The Problem of Evil and our Relationships - A scholarly inquiry by Dr. Gary Knight

Marriage and the problem of evil
Not for nothing was the collection of pope John Paul’s first series of Angelus reflections entitled ‘Original Unity’ - a counterfoil to Original Sin. His corpus of addresses launched a developed theology of the body and later Evangelium Vitae - to commemorate the watershed encyclical of Paul VI: Humanae Vitae, now 50 years old. Going to the opening of scripture, the target of malice was the togetherness of our first human parents: a togetherness that, if left unimpeded, the devil would see producing other human beings able in flesh and bone, spirit and truth, to love God with a love that he, a being ‘of elevated order’, had rejected. The angel ‘of light’ (lucifer is light- bearer) had to attack what would have been a shaming. God, for his wise reasons, didn’t warn Adam or Eve that some created beings were bound and bent to contradict Him. Probably our parents would not have had the guile even to understand anything like a mendacious contradiction of their maker. Although God warned them of death, they really couldn’t have understood that either, any more than a baby in the womb understands birth.

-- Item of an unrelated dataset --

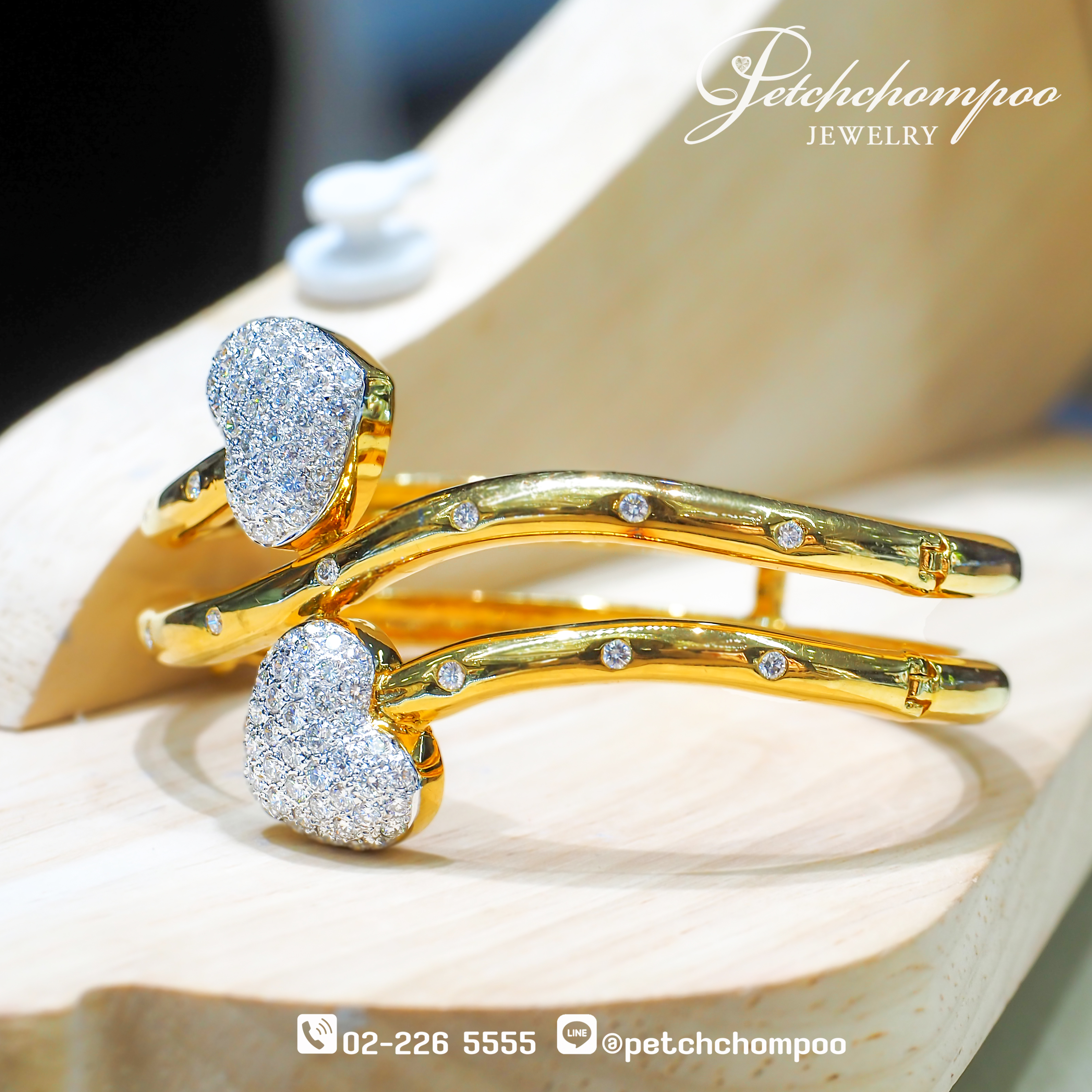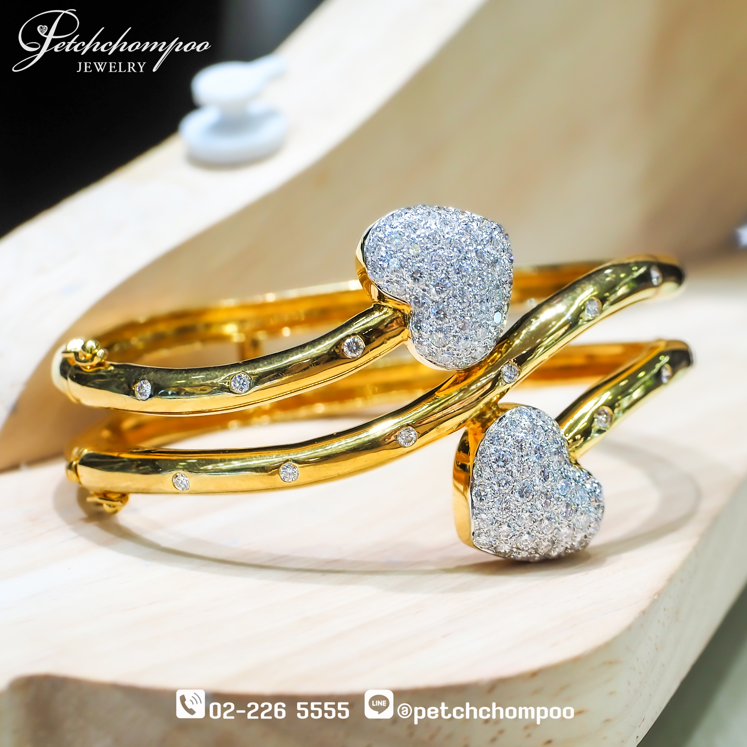 This elegant diamond bangle features a romantic twin-heart motif, symbolizing two hearts united in love. Each heart is beautifully adorned with pavé-set diamonds, creating a radiant surface that sparkles with every movement. The flowing curves of the 18K gold bangle add a graceful and sophisticated touch, while delicate diamonds set along the band enhance its brilliance. The design combines romance, luxury, and modern elegance, making it a captivating statement piece. The pavé diamond hearts shine like a constellation of light against the warm glow of gold, embodying timeless love and refined craftsmanship.
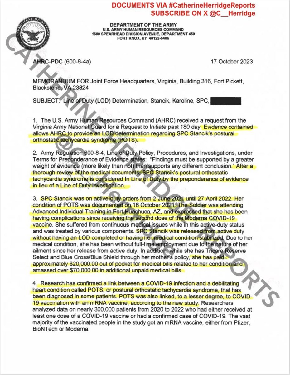 With the permission of @stancikkaroline and her advocacy group @REALUSJAG, we are exclusively publishing the Army Human Resources Command memo with redactions.

As St. Augustine concluded after long rumination, answers to problems like: why God who is all good would allow powerful beings who turned from Him to tempt much less powerful innocent beings, are not for the human mind to gain, unaided. But the what was an efficient way to exercise our free moral will, for involuntary love would have been too meagre for God. Many doctors have explained this much of free will. Some of our betters have asked why God might even make creatures that He could foresee would become radically evil in turning from Him. If evil is the radical opposition of good as I’ve been saying, the problem remains how a creature created as well as any other could or would find or create and seize a moral vacuum. But where the fallen intellect is not up to it, the innocence of Adam and Eve was in a sense ‘above it’.
It puzzles why Eve did not put to the serpent a question: “how is it that you, a creature, know something contrary to what our Maker has said to us, also creatures?”. But it must not have even entered her mind that a creature of the all good God could in any way deceive. If Augustine dressed-up could appear and warn her from the future, like Scrooge she’d say “this is so beyond our ken that we have to dismiss it as indigestion”.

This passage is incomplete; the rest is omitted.